Records for the task.
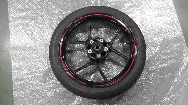 Ninja 400R の フロントホイール タイヤ:新品です、画像をよく見て御判断下さい。実動車から外したパーツです。:このショップは法人で運営されています、価格交渉はいたしませんので、仮に交渉をいただいても返答できません、部品の互換に関しても同様です、型式の違う車両での動作確認をしたことがありませんので分からないのです。必要ならばいきなり購入下さい事前報告不要です。質問はできるだけ1回でお願いします重複した内容の場合割愛させて頂きます。業務時間外「つながらない権利」のご理解よろしくお願いします。複数のモールで販売してますので早い者勝ちのご理解もお願いします。
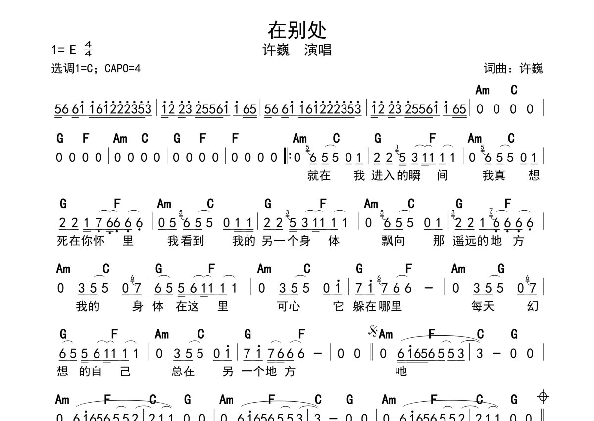 许巍《在别处》简谱 - 带和弦级数
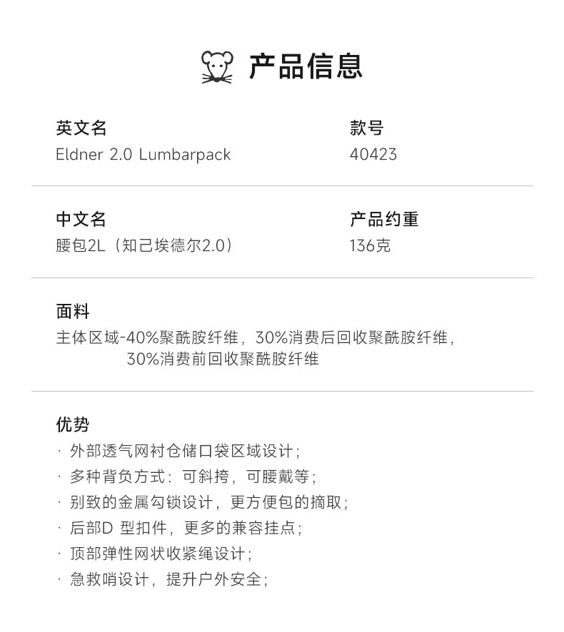 KLATTERMUSEN/攀山鼠埃德尔腰包户外徒步登山2L斜挎包背包 40423U
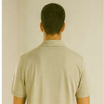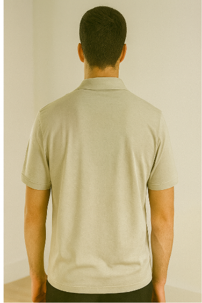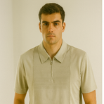 A minimalistic beige polo t-shirt with a modern half-zip closure instead of traditional buttons. Designed with subtle textured panel detailing on the front, this piece offers a refined and contemporary casual look
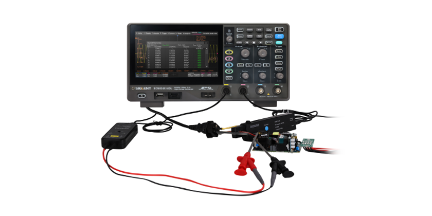 SDS800X EDU的电源分析功能搭配鼎阳科技的电压探头(DPB5000系列)、电流探头(CP6000系列),可以快速准确地分析电源质量、电流谐波、浪涌电流、瞬变响应、安全作业区(SOA)等12项参数,帮助工程师解除繁琐的手工配置和复杂的公式计算,极为适用于观察异常谐波、进行谐波分析、评估器件稳定性、判断电磁干扰等测试。

Task objective.
Every line above is to be returned exactly, with its pictures removed.

Result of the exercise.
 Ninja 400R の フロントホイール タイヤ:新品です、画像をよく見て御判断下さい。実動車から外したパーツです。:このショップは法人で運営されています、価格交渉はいたしませんので、仮に交渉をいただいても返答できません、部品の互換に関しても同様です、型式の違う車両での動作確認をしたことがありませんので分からないのです。必要ならばいきなり購入下さい事前報告不要です。質問はできるだけ1回でお願いします重複した内容の場合割愛させて頂きます。業務時間外「つながらない権利」のご理解よろしくお願いします。複数のモールで販売してますので早い者勝ちのご理解もお願いします。
 许巍《在别处》简谱 - 带和弦级数
 KLATTERMUSEN/攀山鼠埃德尔腰包户外徒步登山2L斜挎包背包 40423U
 A minimalistic beige polo t-shirt with a modern half-zip closure instead of traditional buttons. Designed with subtle textured panel detailing on the front, this piece offers a refined and contemporary casual look
 SDS800X EDU的电源分析功能搭配鼎阳科技的电压探头(DPB5000系列)、电流探头(CP6000系列),可以快速准确地分析电源质量、电流谐波、浪涌电流、瞬变响应、安全作业区(SOA)等12项参数,帮助工程师解除繁琐的手工配置和复杂的公式计算,极为适用于观察异常谐波、进行谐波分析、评估器件稳定性、判断电磁干扰等测试。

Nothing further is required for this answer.